* EXERCISE PROMPT:
Restate, word for word and with no pictures, the stretch of lines in the data below that begins at the line with "Bisiklet Yaka Baskılı Polarlı Sweatshirt Bisiklet" and ends at the line with "La firma Inés", inclusive.

* DATA FOR PROCESSING:
————

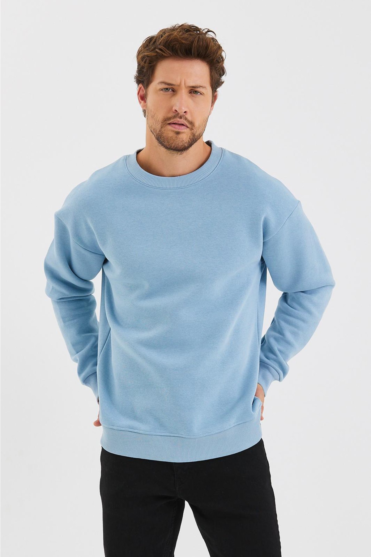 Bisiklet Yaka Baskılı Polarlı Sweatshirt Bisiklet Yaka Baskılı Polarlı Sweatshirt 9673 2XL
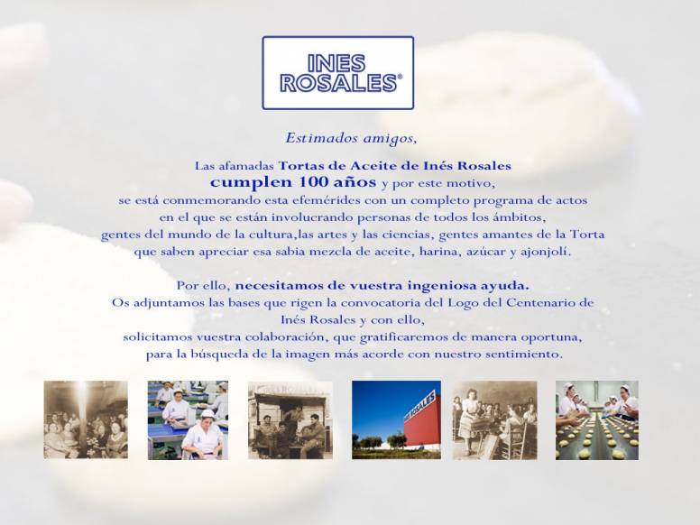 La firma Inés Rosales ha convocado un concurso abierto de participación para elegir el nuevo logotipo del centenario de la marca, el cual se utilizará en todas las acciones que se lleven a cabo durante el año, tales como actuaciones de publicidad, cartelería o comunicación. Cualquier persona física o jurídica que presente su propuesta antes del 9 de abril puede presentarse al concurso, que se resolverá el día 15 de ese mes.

————

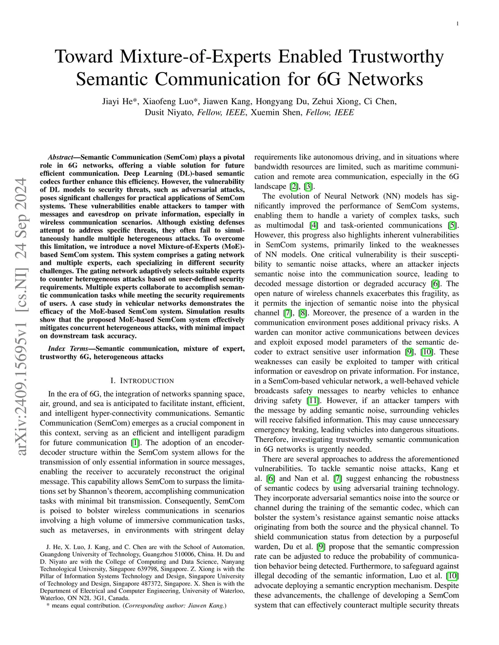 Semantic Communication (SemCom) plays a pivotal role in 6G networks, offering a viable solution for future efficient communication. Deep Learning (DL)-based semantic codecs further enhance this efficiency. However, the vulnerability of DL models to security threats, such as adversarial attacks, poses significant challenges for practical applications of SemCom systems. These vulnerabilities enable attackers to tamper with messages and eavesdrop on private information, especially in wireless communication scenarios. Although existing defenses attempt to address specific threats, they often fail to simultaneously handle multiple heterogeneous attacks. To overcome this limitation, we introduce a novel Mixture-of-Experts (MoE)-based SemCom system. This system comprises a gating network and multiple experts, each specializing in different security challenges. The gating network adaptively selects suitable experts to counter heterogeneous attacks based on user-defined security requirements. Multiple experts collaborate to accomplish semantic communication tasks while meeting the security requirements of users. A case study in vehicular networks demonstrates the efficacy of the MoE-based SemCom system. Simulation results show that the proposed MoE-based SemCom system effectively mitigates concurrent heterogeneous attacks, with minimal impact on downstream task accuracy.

————

* SOLUTION TO THIS PROBLEM:
 Bisiklet Yaka Baskılı Polarlı Sweatshirt Bisiklet Yaka Baskılı Polarlı Sweatshirt 9673 2XL
 La firma Inés Rosales ha convocado un concurso abierto de participación para elegir el nuevo logotipo del centenario de la marca, el cual se utilizará en todas las acciones que se lleven a cabo durante el año, tales como actuaciones de publicidad, cartelería o comunicación. Cualquier persona física o jurídica que presente su propuesta antes del 9 de abril puede presentarse al concurso, que se resolverá el día 15 de ese mes.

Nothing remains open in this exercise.